A Man’s Gotta Brew What a Man’s Gotta Brew

When a guest at The Wellsboro House Restaurant and Brewery remarks that he has never had birch beer, owner Chris Kozuhowski is immediately on a mission to make introductions.

“I’m gonna get you a sip of this. You’re gonna freak out!”

Chris’s exuberant personality is limitless and it serves as the philosophical center of the restaurant. The rebirth of The Wellsboro House Restaurant and Brewery has sprung from the simple mission of his family: to turn strangers into friends and an ordinary evening out into something special.

With his tattoos, squared off haircut, and penchant for hugging people at the first meeting, Chris seems an unlikely champion of Wellsboro revitalization. But he has the place, the plans, and the prizes to prove a genuine love of his adopted hometown. More than that, he and his team have built up a hefty balance sheet of sweat equity that backs up his vision. And when the Governor’s office took notice, Chris felt an affirmation of what he holds dear.

More about that later. First, let’s spend a balmy fall evening at the new-old Wellsboro House.

On a recent Monday, folks assembled in the bar and dining areas, sitting only after researching the specialty beer boards and televisions to select flavors of both drink and sports viewing. There is much to look at. The décor is an eclectic grab bag of sports memorabilia, local history highlights, and family mementos. Dozens of signed photos of Philadelphia sports heroes, each with a story. A wall of musical tributes. Football and fire department helmets. Even a rare, autographed poster from Mr. Yuengling himself, a thanks for being a great partner. “See that?” Chris says, pointing to a framed poster. “Best burger in the state. Beat out the big guys from the cities, too!”
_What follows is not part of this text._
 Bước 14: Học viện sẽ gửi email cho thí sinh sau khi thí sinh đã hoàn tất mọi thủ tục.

One table hosts a young man in a t-shirt emblazoned with “University of Alaska at Anchorage” having a detailed discussion with the waitress about the beer selections.

“Do you like an ale with more of a sweet taste? I can recommend something.” The staff really knows their stuff, chatting easily about lagers and food pairings.
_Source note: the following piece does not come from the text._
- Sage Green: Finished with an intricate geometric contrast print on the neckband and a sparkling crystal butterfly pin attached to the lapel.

Chris knows nearly everyone who comes in and assures a newcomer, “I know everyone by the time they leave!” A visit to the Wellsboro House feels more like crashing at a friend’s home to debate football and brew.

The menu is pages long, with a fresh seafood selection impressive for landlocked Wellsboro. One popular appetizer is the lightly breaded calamari, which, forty-eight hours before, had been minding its own business off the coast of Rhode Island. (Chris’s daughter has perfected the squid prep.) If you prefer something warm water never fear, Chris has an “affiliation with a guy in Hawaii.” Steak, chicken, salad, a kid’s menu, a Sunday menu—the offerings broaden the potential audience to include just about anyone.

While the entire concept of professional sports is embraced at The Wellsboro House, the true place of honor belongs to the Philadelphia Eagles. Chris is a thirty-year holder of season tickets and is such a devotee of the team his Sunday hours in the restaurant completely hinge on the length of the Eagles’ season. If they don’t make the playoffs, don’t plan to watch post-season football here. “Man, I hope I’m open on Sundays in January,” he says with the passion of a disciple.

Monday nights can be a bit sluggish for the owner, as he still hosts an early live radio sports show called “Monday Night This Morning” from Mansfield. But even fatigue has to bend to Chris K’s schedule, especially when people still want to talk about Sunday’s gridiron action. “That game was ugly.” He sighs over the Eagles twenty-ten loss to Dallas.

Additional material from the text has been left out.